Daha Mevlevîliğin teşekkülünden önce bu konu İslâm alimleri arasında iki ayrı görüş halinde ortaya çıkmaktadır. “Sûfilerin devrânı rakstır, raks haramdır, haramı helal sayan kâfir olur” diyenlere karşılık “raksın haram olduğu konusunda nas yoktur; bu konuda icma dahi yoktur” cevabı verilmiştir. Raks ve semâı caiz gören İmam Şafi”î, İmam Gazâlî, Suhreverdî, Necmeddin Daye, Ebu Talibu”l Mekkî, İbn Fâriz ve Mevlânâ lehte; İbn Teymiye, İbn Cevzi, İmam Rabbâni aleyhte görüş beyan etmişlerdir.
Konunun genişliği itibariyle, alimlerin ve sûfilerin görüşlerini ayrıntılı olarak incelemek mümkün olduğu halde, biz sadece Osmanlılar zamanında en belirgin ve yankı bulan kişiler ve görüşlerini ele almak suretiyle bu bahsi aydınlatmaya çalışacağız.
Raks ve devrânın aleyhinde yazdığı “Risâle fi tahkik-i raks ve”d-devrân” adlı risale ile Kemal Paşazade (ö. 1534) şu kesin görüşleri taşıyan fetvayı vermişti: “Raks ve devrân eden kişi, kâfir olur. İmamlığı câiz değildir. Ona ne selâm verilir, ne de selâmı alınır. Raksı helal göreni doyurmak günahtır ve azabı gerektirir. Çünkü bâtıla yardım olur. Eğer bir kişi devrân ibadettir ve lüzumludur derse imanını yenilemesi gerekir. Raks ve devrân helal diyen tasavvuf şeyhleri delâlet içindedirler, elleri öpülmez, onlardan sakınılır. Şeyhin böyle dedi diye devrân yapan kişinin öldüğü vakit cenaze namazı kılınmaz, müslüman mezarlığına gömülmez”.7
İbn Kemal”in yolundan giden Sarıgürz lakablı İstanbul Kadısı Muslihiddin (ö. 1522), devrân ile rakseden dervişleri cezaya çarptırmak istemiş ve bu amaçla İbn Kemal”e bir şikayetname göndermişti. Sarıgürz”ün bu teşebbü-sü üzerine o vakit, devrân icra eden Halvetiler telaşa kapılmış ve engellemek istemişlerdi.
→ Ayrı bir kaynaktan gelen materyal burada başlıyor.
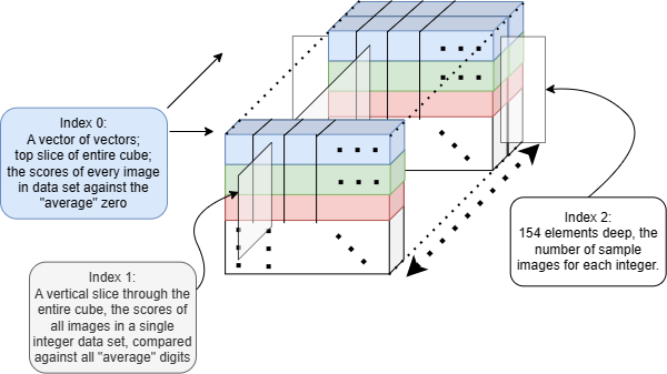 Picturing the 3D result as a cube, each element in the cube contains the numeric result from mnist_dist for the comparison of an ideal and a test image. Any given sample image is compared against all 9 ideal digits, and where the miniumum mnist_distance corresponds to the integer that the training digit actually is, the benchmark function was correct.

Nakledildiğine göre Şeyhülislam İbn Kemal bu şikayetnameyi önce tasdik etmiş sonra Sünbül Sinan Efendi”nin araya “Hacı Halife” diye tanınan Mahmud Efendiyi koymasıyla uygulamadan vazgeçilmişti.8
Anlatıldığına göre Sarıgürz ile ünlü şeyh Sünbül Sinan (ö. 1529) arasında, Fatih Camiinde, bir cuma günü halkın huzurunda semâ ve devrânın şeriliği konusunda karşılıklı söz düellosu olmuş ve Sarıgürz bundan yenik çıkmıştı. Sünbül Efendi bu meseleyi halletmek için biri ulemaya hitap eden arapça, diğeri türkçe iki risale yazmıştı. Arapçası, Risale Tahkikiye adını taşır.9
Ancak Sünbül Efendi”nin bütün çabalarına karşı, münakaşa sona ermemişti. Nitekim Fâtih Camii imamlarından, İbrahim Halebi (ö. 1549) kaleme aldığı eserinde, Sûfiyenin uyguladığı devrânı, bazı hristiyanların eğlenirken yaptıkları raksa benzetmişti. Tasavvuf çevrelerinden kendisine yöneltilen, “şarap içenlere birşey söylemiyor da semâ eden dervişleri tenkid ediyor” şeklindeki eleştirilere şöyle cevap vermektedir: “Ey miskin, eğer insaflı düşünürsen anlarsın ki bu iş şarap içmekten daha zararlıdır. Şarap içen yaptığının haram olduğuna inanıyor, pek çoğu da tövbe ederek yaptığına pişman oluyor. Ayrıca onu içtiği için halk tarafından aşağılanıyor, zillete düçar oluyor, ama sûfiler öyle mi. Yaptıkları devrânın ibadet olduğuna inandıkları için tövbe etmeleri, pişman olmaları mümkün değil. Üstelik halkın yanında itibarları yükseliyor.10
Kanuni devri Şeyhülislamlarından Çivizade Muhyiddin Mehmet Efendi (ö. 1547) raks ve devrânın şiddetle aleyhinde olmuştu. 1539 yılında Şeyhülislam olan Çivizade, tasavvuf ehline karşı aşırı tenkitlerde bulunmuştur. İbnu”l-Arabî ve Mevlânâ”nın kâfir oldukları kanaatini taşımaktadır. Hatta Mevlânâ”nın “Ey kâfirler, sizin fiillerinizi ben yaratırım, zira mutlak hâkimim, ister mümin ister kâfir yaparım” beytini, kendi anlayışına göre yorumlayarak, Rûmi”nin küfre gittiği hususunda bir fetva yazıp, Kanuni Sultan Süleyman”a gönderdiği rivayet edilmektedir.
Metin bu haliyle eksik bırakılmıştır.